In this case, the toner supply amount per unit time is larger than
the toner consumption amount per unit time. Therefore, the toner
supply amount sufficiently follows the toner consumption amount. In
addition, a toner replenishing amount after printing is +5 g.
[0083] Similarly, as illustrated in FIG. 9A, in the case of the
transferring material P of A3 size, when the process speed is 135
mm/sec, the toner consumption amount per unit time is 0.12 g/sec
(1.00 g/8.25 sec). In contrast, the maximum value of the toner
supply amount per unit time is 1.75 g/sec and the minimum value is
1.50 g/sec. In this case, the toner supply amount per unit time is
larger than the toner consumption amount per unit time. Therefore,
the toner supply amount sufficiently follows the toner consumption
amount. In addition, a toner replenishing amount after printing is
+5 g.
[0084] Further, in the case of the transferring material P of A3
size, when the process speed is 230 mm/sec, the toner consumption
amount per unit time is 0.14 g/sec (1.00 g/6.92 sec). In contrast,
the maximum value of the toner supply amount per unit time is 1.50
g/sec and the minimum value is 0.92 g/sec. In this case, the toner
supply amount per unit time is larger than the toner consumption
amount per unit time. Therefore, the toner supply amount
sufficiently follows the toner consumption amount. In addition, a
toner replenishing amount after printing is +5 g.

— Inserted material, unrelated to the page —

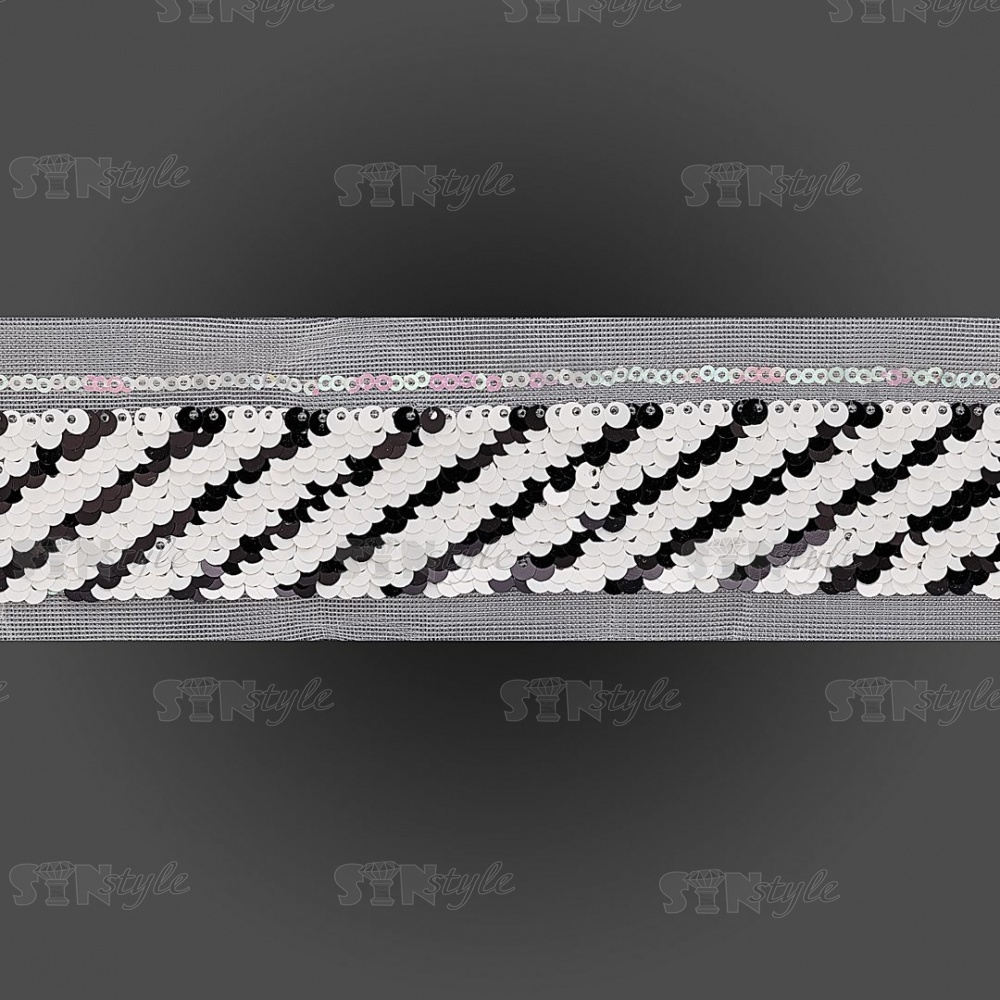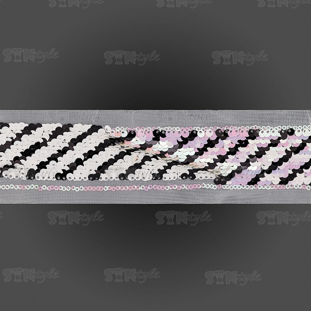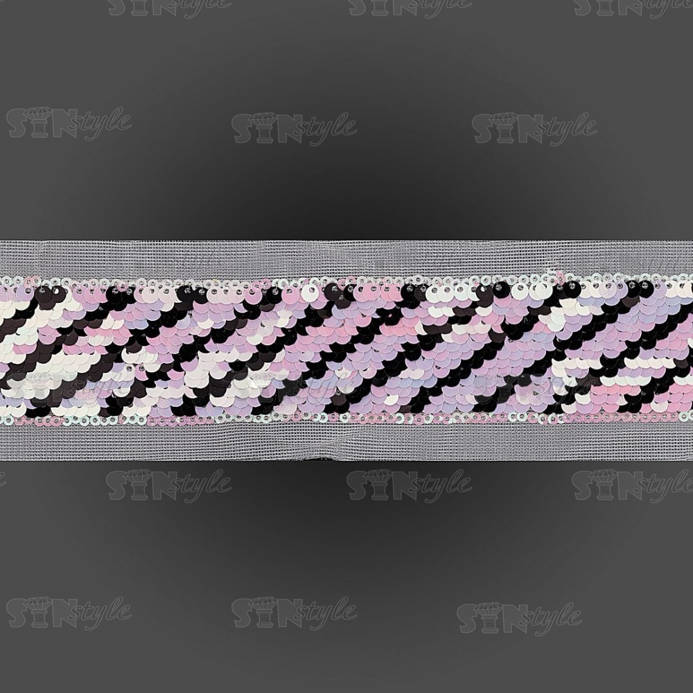 Тесьма на сетке, расшитая пайетками, ширина 42 мм, цвет розовый+черный, рулон 14 ярдов

[0085] Similarly, in the case of the transferring material P of A3
size, when the process speed is 310 mm/sec, the toner consumption
amount per unit time is 0.16 g/sec (1.00 g/6.43 sec). In contrast,
the maximum value of the toner supply amount per unit time is 0.93
g/sec and the minimum value is 0.50 g/sec. In this case, the toner
supply amount per unit time is larger than the toner consumption
amount per unit time. Therefore, the toner supply amount
sufficiently follows the toner consumption amount. In addition, a
toner replenishing amount after printing is +5 g.
[0086] FIG. 9B is a table showing the number of printed sheets and
a toner consumption amount along with the number of printed sheets
and a toner consumption amount per sheet (g) for cases of 135
mm/sec, 230 mm/sec, and 310 mm/sec with regard to the transferring
material of A4 size. Further, FIG. 9B is a table showing a
relationship among the toner supply amount (g), a difference
(.DELTA.) obtained by subtracting the toner consumption amount from
the toner supply amount, a toner amount (g), and a percentage (%)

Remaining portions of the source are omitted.